> _Your objective_
Please write out every entry below exactly, leaving out any pictures.

Stored dataset items
^^^^

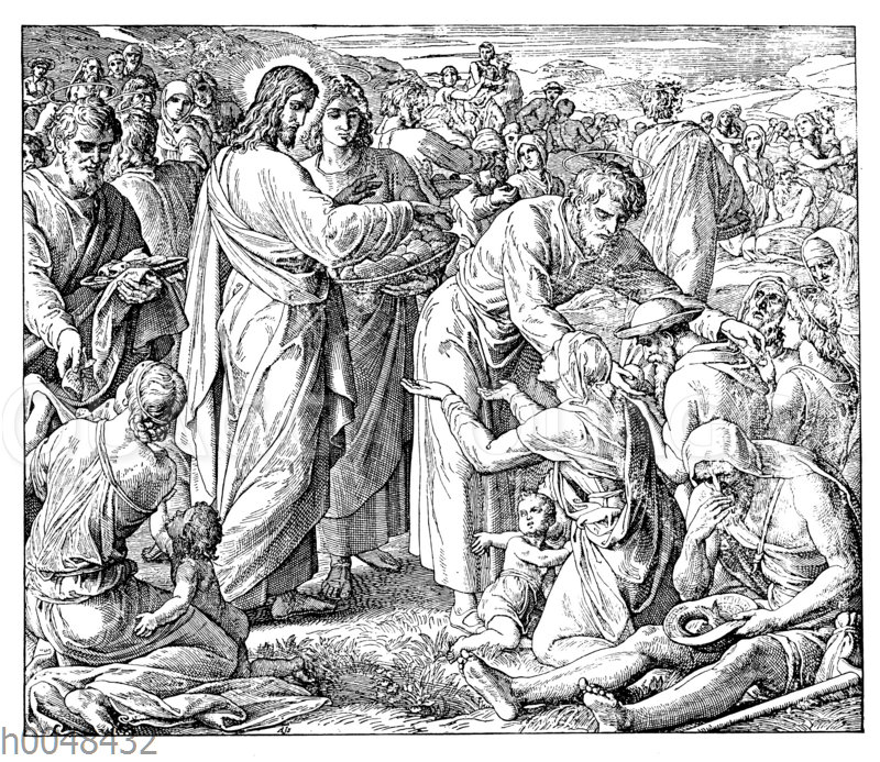 Die Speisung der fünftausend Mann: Zeichnung/Illustration/Holzstich – – The feeding of the five thousand people – L’alimentation des cinq mille hommes
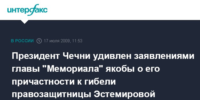Президент Чечни удивлен заявлениями главы "Мемориала" якобы о его причастности к гибели правозащитницы Эстемировой
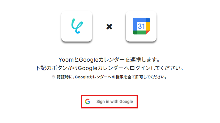 下記画面が表示されたら「Sign in with Google」のボタンをクリックし、Googleカレンダーと同様に設定してください。
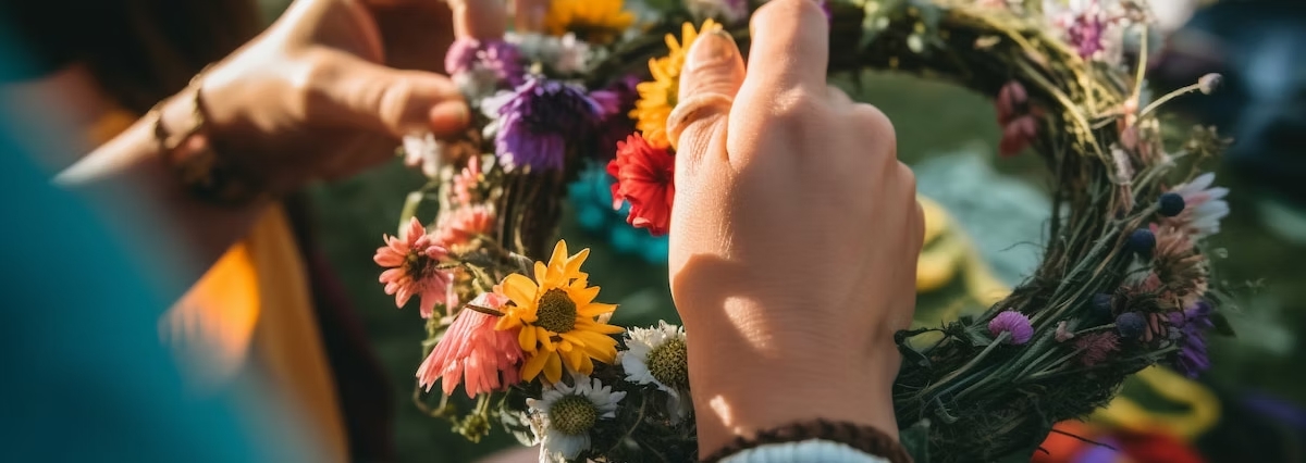 una Ghirlanda di Ritiri di Primavera a tema che come fiori e fili d'erba si intrecciano tra loro per celebrare l'arrivo della sorgente inesauribile dell'Energia della Vita tanto attesa da ogni essere vivente
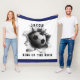 Um cobertor de futebol criativo com design de bola de futebol em alta velocidade. Para personalizar, edite texto para adicionar nome. Altere a cor azul do plano de fundo para a cor do grupo com um simples clique.

^^^^

> _Solved exercise_
 Die Speisung der fünftausend Mann: Zeichnung/Illustration/Holzstich – – The feeding of the five thousand people – L’alimentation des cinq mille hommes
Президент Чечни удивлен заявлениями главы "Мемориала" якобы о его причастности к гибели правозащитницы Эстемировой
 下記画面が表示されたら「Sign in with Google」のボタンをクリックし、Googleカレンダーと同様に設定してください。
 una Ghirlanda di Ritiri di Primavera a tema che come fiori e fili d'erba si intrecciano tra loro per celebrare l'arrivo della sorgente inesauribile dell'Energia della Vita tanto attesa da ogni essere vivente
 Um cobertor de futebol criativo com design de bola de futebol em alta velocidade. Para personalizar, edite texto para adicionar nome. Altere a cor azul do plano de fundo para a cor do grupo com um simples clique.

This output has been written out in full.